Even if EA could make a baseball game of that quality (my comment: unlikely), and even if they stole every single unit from The Show, their marketing machine would still have to triple the existing demand for a baseball game.
If you were a gambler, that would be a bad bet.
It's a thoughtful analysis, and I believe he's correct. That makes me incorrect (hell, I'm used to that). I still believe EA Sports is suffering, but baseball as a data point is removed.
He also weighed in on the lawsuit that EA settled with former NCAA players (known as the Keller case). I felt like EA's legal claims in the case were guaranteed losers, almost to the point of absurdity.
However, A. Nonymous disagrees. The judicial decisions were split, and he feels that if EA appeals, they have a strong chance of winning at the Supreme Court level (and they are appealing).

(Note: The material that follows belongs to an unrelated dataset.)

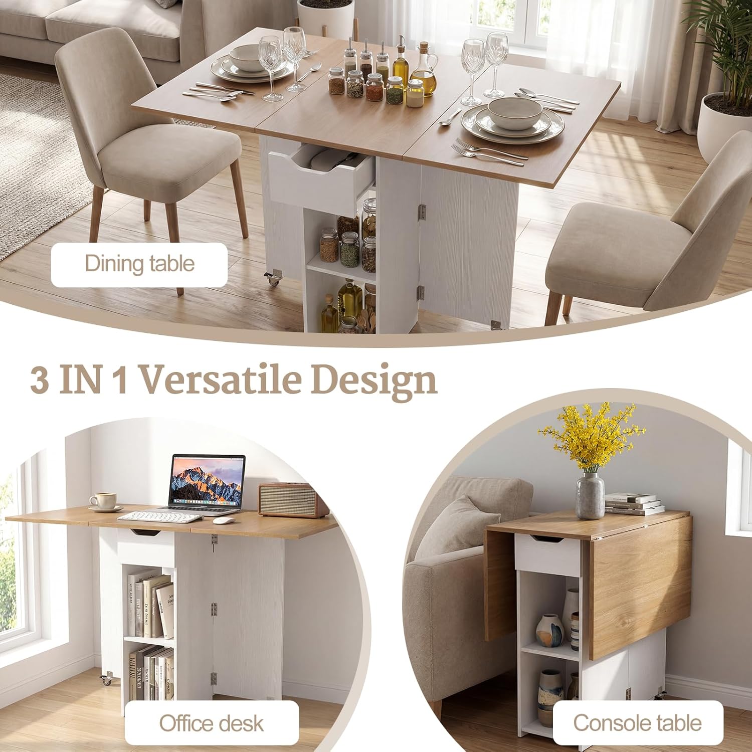 • 3-in-1 Versatile Design: Designed for flexibility, this versatile table easily converts between a full dining table, a half-open office desk, or a compact console table. In addition, its chic appearance fits perfectly in kitchen, dining room, study, entryway or bedroom, adapting to your different daily needs.

Here's EA's basic framing of the legal issue (from the Keller petition):
Whether the First Amendment protects a speaker
against a state-law right-of-publicity claim that
challenges the realistic use of a person’s name or
likeness in an expressive work.
This is the meat on the bone:
The Ninth and Third Circuits recognized that
Petitioner’s video game was an expressive work, under
this Court’s holding in Brown v. Entertainment
Merchants Ass’n, 131 S. Ct. 2729 (2011). Nonetheless,
they held that the game’s depiction of the plaintiffs did
not enjoy First Amendment protection. According to
the Ninth and Third Circuits, the depiction of a
person’s image or likeness in an expressive work enjoys
First Amendment protection against a right-of-publicity claim only if the depiction sufficiently alters or
“transforms” the plaintiff’s image or likeness. That rule
is constitutionally perverse: it affords First
Amendment protection only to fanciful or distorted
portrayals, not accurate or realistic ones. The rule also
chills expression, both because it is hard to predict
what a court will decide is sufficiently
“transformative,” and because such an inquiry
inevitably requires a court to make a subjective
judgment about whether a depiction is “artistic,” thus
warranting protection, or “literal,” and thus subject to
liability.
The test adopted by these two circuits, moreover,
conflicts with various other tests adopted by other
circuits and state supreme courts, which do not focus on
transformation at all. Some of these courts engage in
case-by-case balancing of First Amendment interests
and right-of-publicity interests—an approach that
raises its own constitutional problems. Others give
appropriate respect to the First Amendment by
confining the right-of-publicity tort to circumstances in
which the challenged depiction falsely claims a celebrity
commercial endorsement or is unrelated to any other
expression and thus gratuitous.
The lower courts’ various and conflicting
constitutional tests have resulted in numerous
irreconcilable outcomes. For example, the Sixth
Circuit has held that the First Amendment protects the
inclusion of a professional golfer’s realistic image,
prominently displayed in a painted montage including
other golfers, ETW Corp. v. Jireh Publ’g, Inc., 332 F.3d
915, 931 (6th Cir. 2003), but the Ninth and Third
Circuits now have held that the First Amendment does
not protect an accurate digital depiction of a former
college football player in a video game. As the judicial
confusion has mounted, scholars, writers, and artists
have begun to recognize a major threat to free
expression.6 This Court’s guidance is urgently needed.